The results showed if the first scenario (no change in demand) is implemented, the area of forest land will decrease 552.33 ha until 2030. With decrease in demand for each land use, changes in land use area will be lower than changes in basis period. In the scenario with 10% increase in demand, forest land area will decrease 590 ha and rangeland, settlement and agriculture area will increase 316, 269 and 4 ha respectively.

Actual soil loss

The minimum and maximum R value was 179 and 272 MJ mm ha−1 h−1 years−1. K values was achieved using Eq. 5 and ranged from 0.32 to 0.44 t ha h MJ−1 ha−1 mm−1. LS-factor was derived using topography map, and the highest value was 55.235. The minimum and maximum C value was considered for forest and residential area, respectively. P-factor was considered as 1 in total area. Figure 8 shows soil loss in the study area.

Fig. 8
figure 8

Distribution of annual soil loss in the Kasilian watershed

Rain erosion rates are decreased from the northwest to the southeast of watershed. The increase in slope length results in the increased power water flow and leading to increase in erosion (Ranzi et al. 2012). Some researchers also have shown similar results such as Ranzi et al. (2012) and Prasannakumar et al. (2013) that have emphasized about effects of slope length on erosion. Vegetation cover is a very important obstacle against erosion, and conversion of natural resources to residential area will result in increase in erosion. Increase in the clay content will increase the adhesive between soil particles, and decrease in permeability and hydraulic conductivity causes increase in the shear stress and transition of soil. Soil erosion map in the study area showed that most of the area has low erosion level because most of the area covered with forests that prevent increase in erosion.

Degradation of natural resources especially dense forests will result in increase in erosion and soil transition (Zare et al. 2016b). The soil losses map shows that the soil losses in the study area is between 9 and 1022 ton/hectare/year and the highest value is related to pasture and the area with the poor vegetation cover.

Impact of land use change scenarios on soil loss

Future soil erosion and deposition at Kasilian watershed under five scenarios are displayed in Fig. 9.

Fig. 9
figure 9

Simulation of soil erosion risk for 2030

The mean of soil loss in simulated period shows in all of the scenarios, soil loss value was higher than basis period.
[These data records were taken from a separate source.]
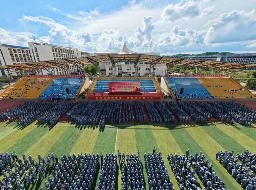 9月12日下午,学校2025级新生军训动员大会在仙葫校区足球场举行。学校党委常委、副校长何刚亮,承训单位陆军某部参谋长陈为和全体军训教官,学校各职能部门和学院负责人,新生辅导员代表及2025级本专科全体新生3000多人参加本次大会。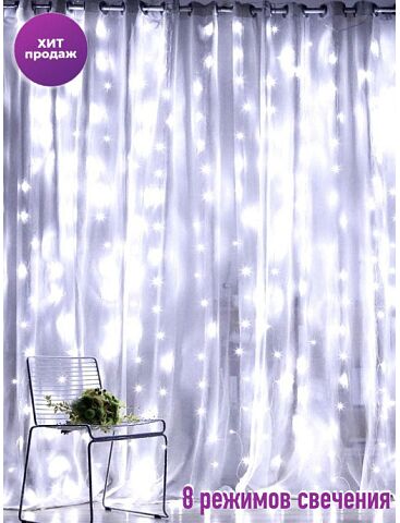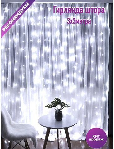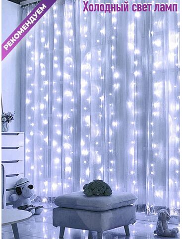 Тканевые шторы на заднем фоне гирлянды в комплект не входят, цена указана за гирлянду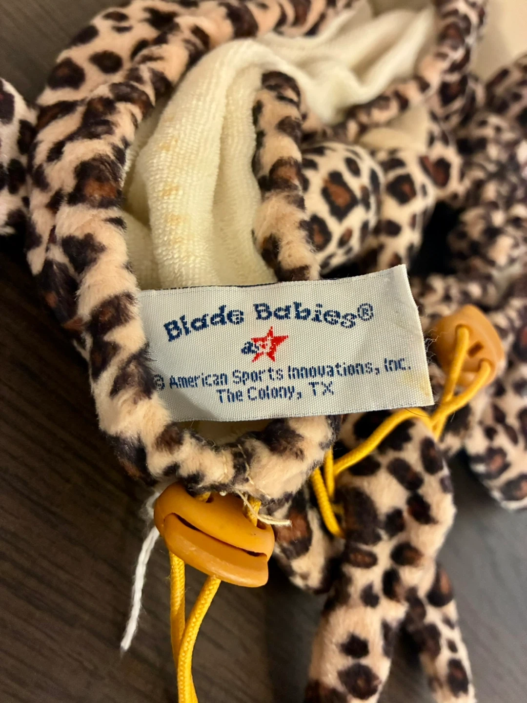 75The VTG Blade Babies Brand Cheetah Cat Soaker Ice Skate Blade Cover Protect Guard is an ice skate guard designed by MONDOR under their Blade Babies brand. The guard features a multicolor cheetah design and serves the purpose of protecting ice skates from damage . Specifically tailored for ice skating, this blade cover offers a stylish and functional accessory for skaters looking to safeguard their blades.
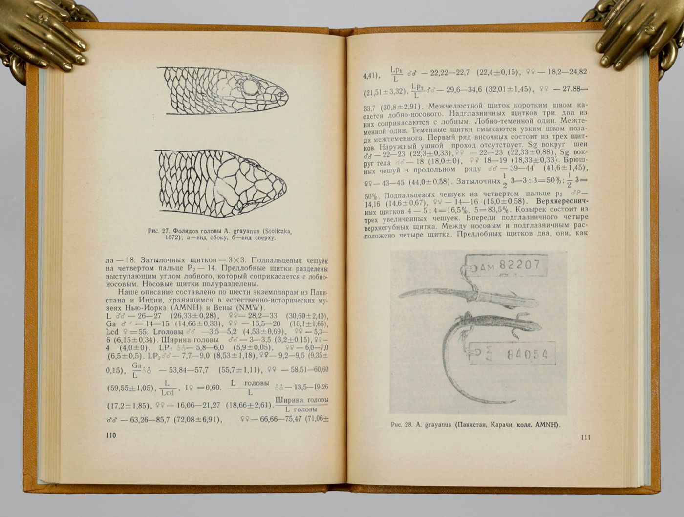 A seldom-seen if not rare, but well-illustrated work on the ablepharine skinks of Central Asia, a group of lizards living in exceptional altitudes, including the Himalayas, and Tibetan plateau. This work however, deals with the westernmost species, all belonging to the genus Ablepharus and subgenera. Bookplate on the front pastedown; label recording seller, place and date tipped in on the front free endpaper recto. Otherwise, an as new clean copy.

The range of soil erosion change is 2–32% in all scenarios. Thirty percent decrease in demand scenario has the least soil loss in simulated period in such a way that the soil loss value under this scenario will be only 2% more than the basis period. Among all land use change scenarios, this is the most restrictive scenarios and it has the most management processes. Therefore, the amount of soil loss is near the basis period. Ten percent increase in land use demand scenario has the greatest difference in the soil loss with the basis period, and the amount of soil loss will have increased 32% until by 2030 (Fig. 10). Also, Mullan et al. (2012) and Paroissien et al. (2015) have emphasized the importance of land use management in soil loss.

Fig. 10
figure 10

Mean of soil loss in basis and simulated period

Conclusion

Increase and decrease in land use demand will change the soil loss. The results showed that scenario affects soil loss, but many scenarios did not have any effect on spatial soil erosion. Most of the changes occur in land use boundaries and monitoring in the process of watershed management and land use boundary can be effective in soil loss control. The results of this study have confirmed the role of monitoring processes under land use change scenarios. Among all RUSLE factors, climate and land use change have the most changes of all the other factors in future. In fact, climate change is a natural and unavoidable process and it is not under human control. Thus, if land use change can be controlled, despite future climate changes, soil loss will be controlled and even decreased to a large extent.